With wages stagnating and the cost of living continuing to balloon, the Government remains silent in the face of this crisis, writes William Olson.
THE WAGES OF average Australian workers have not had a significant increase in eight years, according to many economic experts, shadow government ministers and union officials alike.
Meanwhile, wage stagnation is approaching record proportions.
Not being able to stretch one’s pay packet to cover basic living essentials as efficiently as one used to represents a very reasonable observation. At the same time, it’s also a very highly-charged and mighty impassioned plea to wish for more money to take home, whether the result comes from higher wages or lower taxes.
Coalition ministers keep tooting their own horns about delivering lower taxes to the general public, regardless of whether their promises see the light of day or not. Alas, they barely discuss the wages factor of the equation – and when key ministers such as Mathias Cormann admit that low wage growth has been an intentional tactic by the Coalition to spur the economy, that does little more than to add petrol to the fire raging among a public thirsting for a better means to keep up with the costs of living.
The truth is that, no matter how things have played out in the last eight years, those responsible for making wages grow are also not assuming responsibility – or taking the blame – for not making it happen.
In addition to Cormann’s pre-election confessions, we have Government ministers mostly standing silent in the relationship between the wage theft crisis and small business survival; powerful and influential pro-business lobby groups that stand in opposition to one another of markedly increasing wages; and the open exploitation of younger workers on “scam internships” paying as little as $4 per hour.
The Labor Party and union groups such as the ACTU – while jointly being proponents for establishing a living wage for workers in lower-paid industries – agree that lifting wages puts money in the pockets of those who need it most, thereby stimulating the Australian economy.

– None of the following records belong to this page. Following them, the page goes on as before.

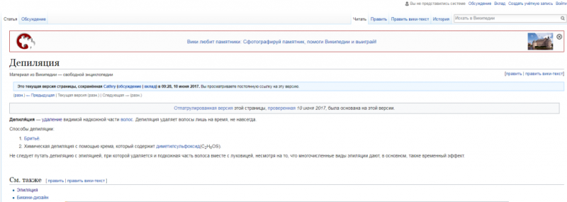 ВАЖНО: Хоть на момент публикации данной статьи страница в Википедии про депиляцию осталась неизменной мы всё же укажем адрес статьи на основе которого мы проводили анализ. С последней версией статьи вы всегда можете найти через поиск Гугла по запросу “Депиляция” или по прямой ссылке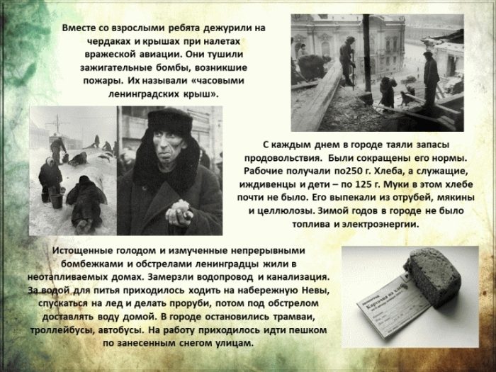 Сколько бы лет ни прошло, мужество ленинградцев – это образец мужества, подвига, стойкости, несгибаемой воли к победе. В ходе мероприятия, библиотекарь рассказала ребятам о тяжелых днях войны, о детях, которые жили в блокадном Ленинграде, о записях в дневнике Ленинградской школьницы Тани Савичевой, её семье и жизни до войны, о том, как постепенно девочка теряла близких и осталась одна во время блокады. Так же ребята узнали о «Дороге жизни» через Ладожское озеро. Большое впечатление на детей произвёл рассказ о норме хлеба, о том, что значили в то время хлебные карточки.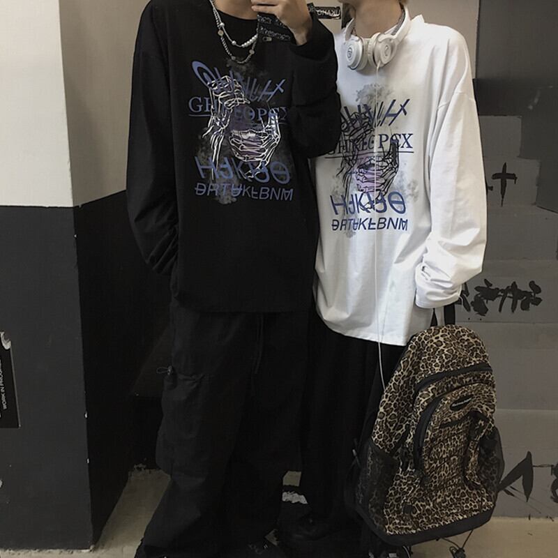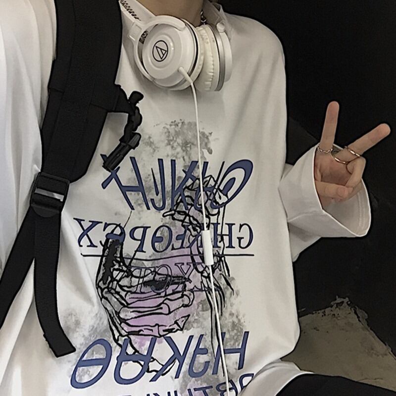 オータムプリントTシャツ ルーズラウンドネックトップス レディース ロング 秋物 Oネック Brother_is_Style44733271717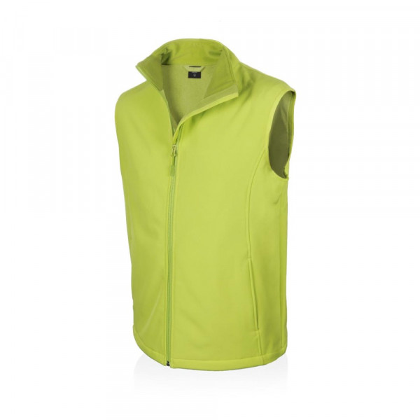 Wasserabweisende und atmungsaktive Weste aus einer Soft-Shell/Elasthan-Kombination. Mit Reißverschluss und Fronttaschen. Verfügbar in verschiedenen lebendigen Farben und den Größen S, M, L, XL und XXL.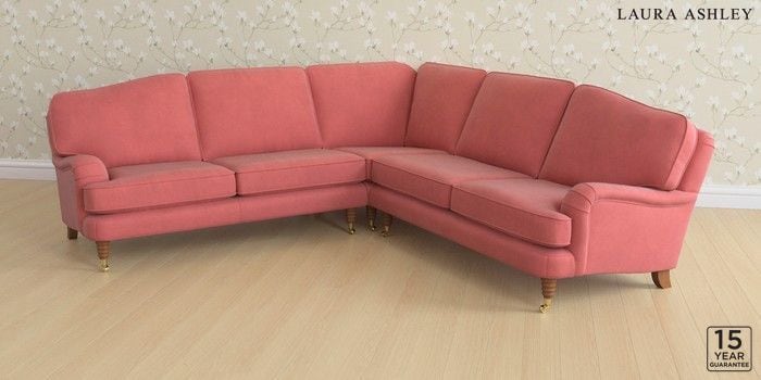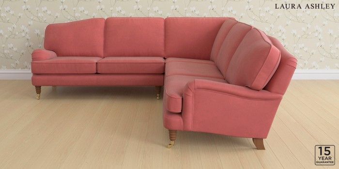 6.12.1 Buy Lynden by Laura Ashley Medium Corner Sofa - Universal Ailsworth Old Rose Pink Ornate Brass Castor - Teak from the Laura Ashley online shop Click here to use our website with more accessibility support, for example screen readers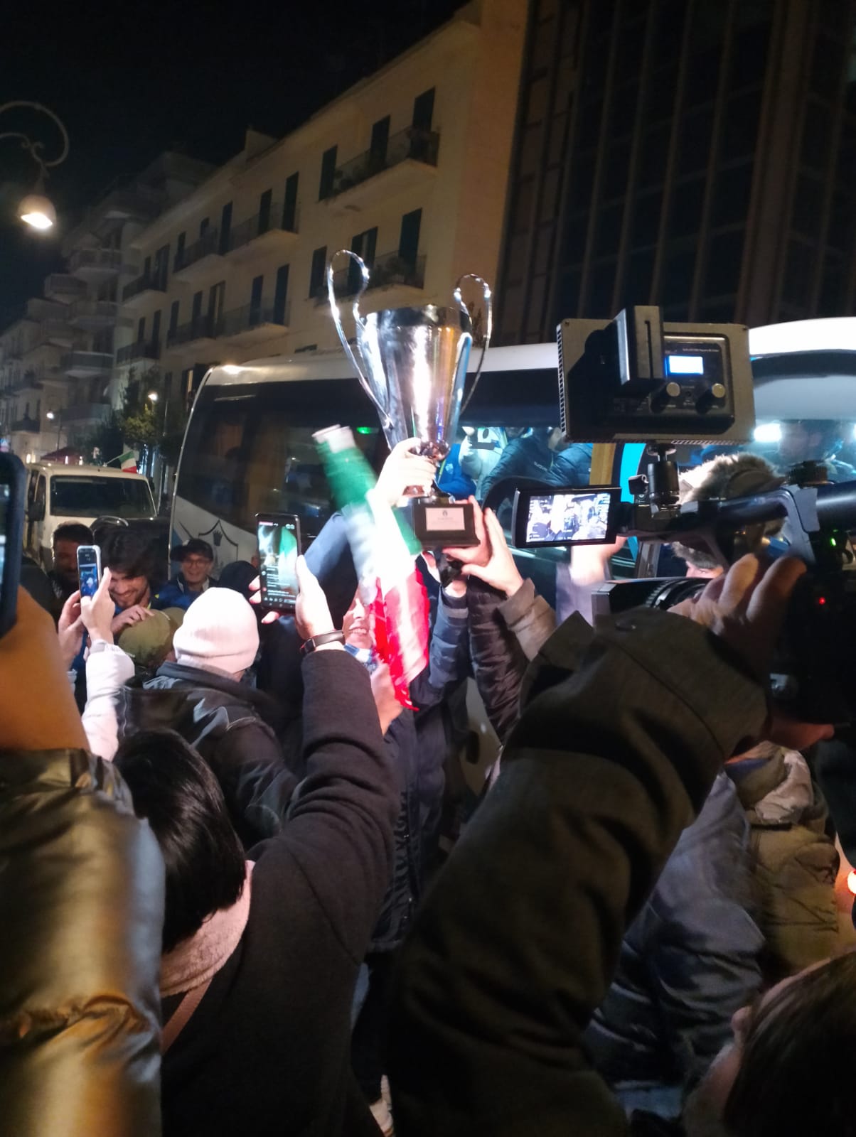 Formia, Notti Magiche per l’Insieme Formia – “Il successo ottenuto regala gioia e soddisfazione all’intera Città di Formia. Un orgoglio per tutti noi; che questo trofeo possa essere foriero di ulteriori traguardi per il calcio biancazzurro. Ho atteso il ritorno in Città della squadra e dei tifosi per ricevere una delegazione nella casa Comunale, con il desiderio di sollevare insieme la Coppa. Sentire i canti dei tifosi è stata un’emozione unica, vi abbraccio fortemente. Forza Formia, sempre!” Queste le parole del sindaco di Formia Gianluca Taddeo per l’ Insieme Formia, la quale ha vinto la Coppa Italia di Eccellenza laziale. Di seguito le foto: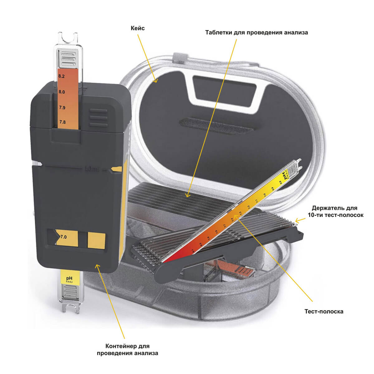 В кюветы набираем воду, кладем таблетки, взбалтываем и сравниваем. Плюсы: более точный тест, белая стенка в кюветах.

While advocating for the establishment of a living wage prior to last May’s Federal Election, the ACTU – whose “Change The Rules” campaign from 2017 also carried the slogan “Australia Needs A Pay Rise” – had pushed for a 6% pay increase to be phased in over two years. However, the Fair Work Commission has only issued smaller incremental pay rises annually at the start of each financial year on July 1 over the last couple of years.
The latest of those pay rises that were actually issued amounted to a mere $21.60 per week to the national minimum wage. While campaigning for Labor at the last Federal Election, Bill Shorten’s living wage plan would have garnered workers an added $43 per week.
The concept of a living wage in a western industrialised country like Australia may seem like a progressive step to some, but the progressives themselves claim it is long overdue, especially after eight years of stagnant wage growth.
“Australia should be proud to have been the first nation to establish a living wage, but we need to act now to renew that promise for every worker,” ACTU President Michelle O’Neil said in May, just days out from the Federal Election.
"The minimum wage should not just be enough to stop you starving, it should be enough to provide for a decent life for all full-time workers,” she added.
However, the detractors – namely those in power who can help bring about legislation that can ultimately jumpstart an economy that some experts claim is lagging – keep justifying not giving the wage increases that they need on their domestic fronts.
“If you think about where is wage growth going to come from, it’s got to come from a growing economy. The money has to be there,” then-Treasurer Scott Morrison said last year before he was vaulted into the Prime Minister’s seat.
The current treasurer, Josh Frydenberg, said the following last month:
“There are signs of improvement, but ultimately the best way to get higher wages growth is through a strong economy with rising productivity."
Nevertheless, he failed to provide any solutions.
And the public is within its right to see it as being hypocritical when Federal politicians in Canberra won and accepted a 2% pay rise as of July 1 – the very same day low-wage earners had their penalty rates cut.
The ages-old adage of “the rot starts at the top” sums up the feeling among the public that there’s not much to inspire confidence in reversing a process and thereby inspiring an economy that would deal with rising cost-of-living levels.
And then there’s the wrinkle that is Newstart, the welfare allowance which hasn’t been increased since 1994. It currently has a campaign attached to it via the trending hashtag #RaiseTheRate across multiple social media platforms.
While welfare recipients would like to see the Department of Human Services increase Newstart, only an act of Parliamentary legislation can make that happen.
Can one connect the campaign to raise Newstart to the drive to increase wages in Australia? Certainly they can be linked – and the call to arms grows stronger when Morrison defiantly cries out, point-blank, that Newstart will not see an increase as long as he is Prime Minister.
“The best form of welfare is a job,” Morrison and his Coalition Cabinet colleagues like to bellow whenever subjects such as wage increases, raising NewStart, or even discussions about unemployment are brought up.
But those on lower wages possess only so much patience, especially with this Government. Greater leadership in the matter needs to be shown, more than just the usual cheap, hackneyed slogans Morrison and his team are offering.
Or else the public with scream back at Morrison’s trademark slogan of “How good is Australia!”, with a collective reply of, “not that great at all!"
William Olson was a freelance journalist from 1990-2004 and hospitality professional since late 2004.